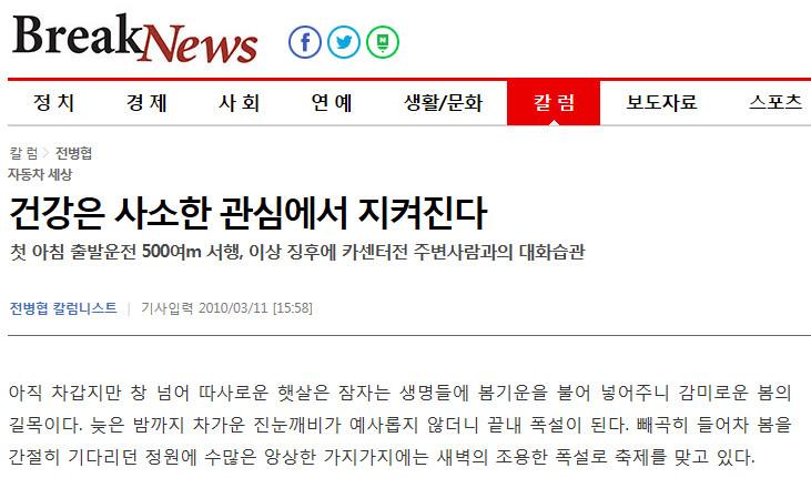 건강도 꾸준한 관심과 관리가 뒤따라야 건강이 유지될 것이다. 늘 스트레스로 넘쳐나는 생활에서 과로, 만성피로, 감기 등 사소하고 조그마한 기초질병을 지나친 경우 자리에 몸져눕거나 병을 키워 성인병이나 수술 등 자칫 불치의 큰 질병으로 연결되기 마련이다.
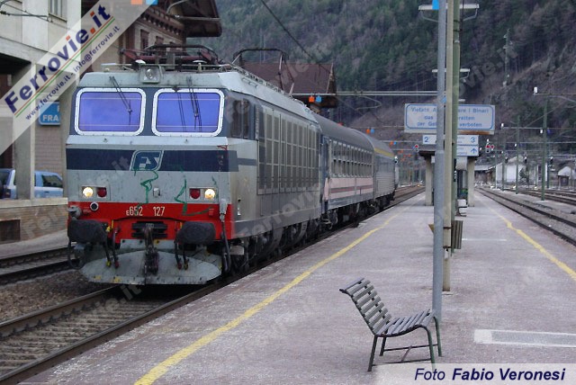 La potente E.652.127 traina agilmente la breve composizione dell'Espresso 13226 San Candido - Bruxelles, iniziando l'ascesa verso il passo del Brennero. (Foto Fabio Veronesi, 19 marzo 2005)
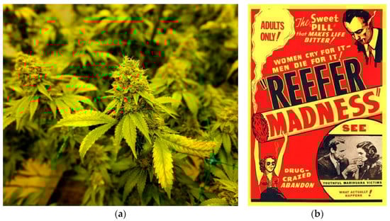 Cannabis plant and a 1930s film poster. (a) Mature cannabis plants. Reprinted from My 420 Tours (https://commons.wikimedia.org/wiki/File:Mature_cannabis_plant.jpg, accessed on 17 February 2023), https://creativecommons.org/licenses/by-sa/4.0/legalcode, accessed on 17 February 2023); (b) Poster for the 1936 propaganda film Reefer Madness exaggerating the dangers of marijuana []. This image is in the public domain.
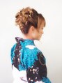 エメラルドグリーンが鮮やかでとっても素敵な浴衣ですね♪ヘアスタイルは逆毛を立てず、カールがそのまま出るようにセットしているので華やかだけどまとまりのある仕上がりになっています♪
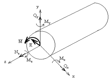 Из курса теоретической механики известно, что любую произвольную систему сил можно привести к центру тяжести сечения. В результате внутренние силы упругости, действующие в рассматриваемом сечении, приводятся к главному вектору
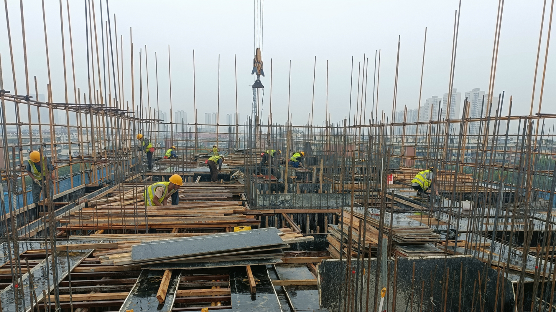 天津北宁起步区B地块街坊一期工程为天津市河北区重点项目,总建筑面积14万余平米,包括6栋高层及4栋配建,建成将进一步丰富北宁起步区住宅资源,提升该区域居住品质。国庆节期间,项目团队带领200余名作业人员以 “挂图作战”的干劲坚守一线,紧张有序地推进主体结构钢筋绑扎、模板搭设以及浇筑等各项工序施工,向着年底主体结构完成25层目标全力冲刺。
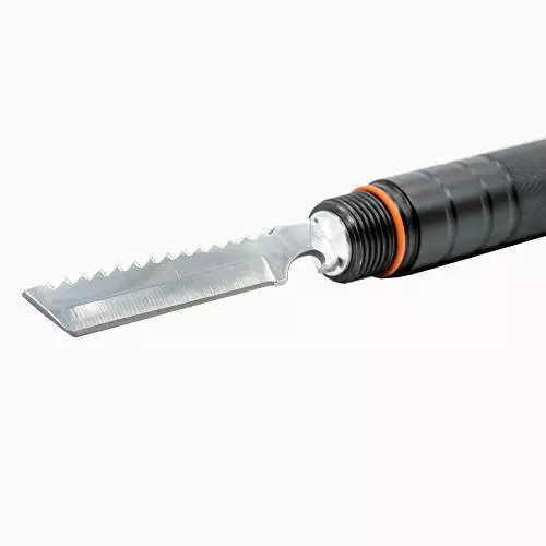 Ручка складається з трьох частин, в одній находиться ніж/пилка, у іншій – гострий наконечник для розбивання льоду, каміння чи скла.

## Problem requirements
Given the listing above, retype only the span of lines from the line with "Cannabis plant and" up to and including the line with "エメラルドグリーンが鮮やかで", exactly as it stands and without pictures.

## Solved exercise
 Cannabis plant and a 1930s film poster. (a) Mature cannabis plants. Reprinted from My 420 Tours (https://commons.wikimedia.org/wiki/File:Mature_cannabis_plant.jpg, accessed on 17 February 2023), https://creativecommons.org/licenses/by-sa/4.0/legalcode, accessed on 17 February 2023); (b) Poster for the 1936 propaganda film Reefer Madness exaggerating the dangers of marijuana []. This image is in the public domain.
 エメラルドグリーンが鮮やかでとっても素敵な浴衣ですね♪ヘアスタイルは逆毛を立てず、カールがそのまま出るようにセットしているので華やかだけどまとまりのある仕上がりになっています♪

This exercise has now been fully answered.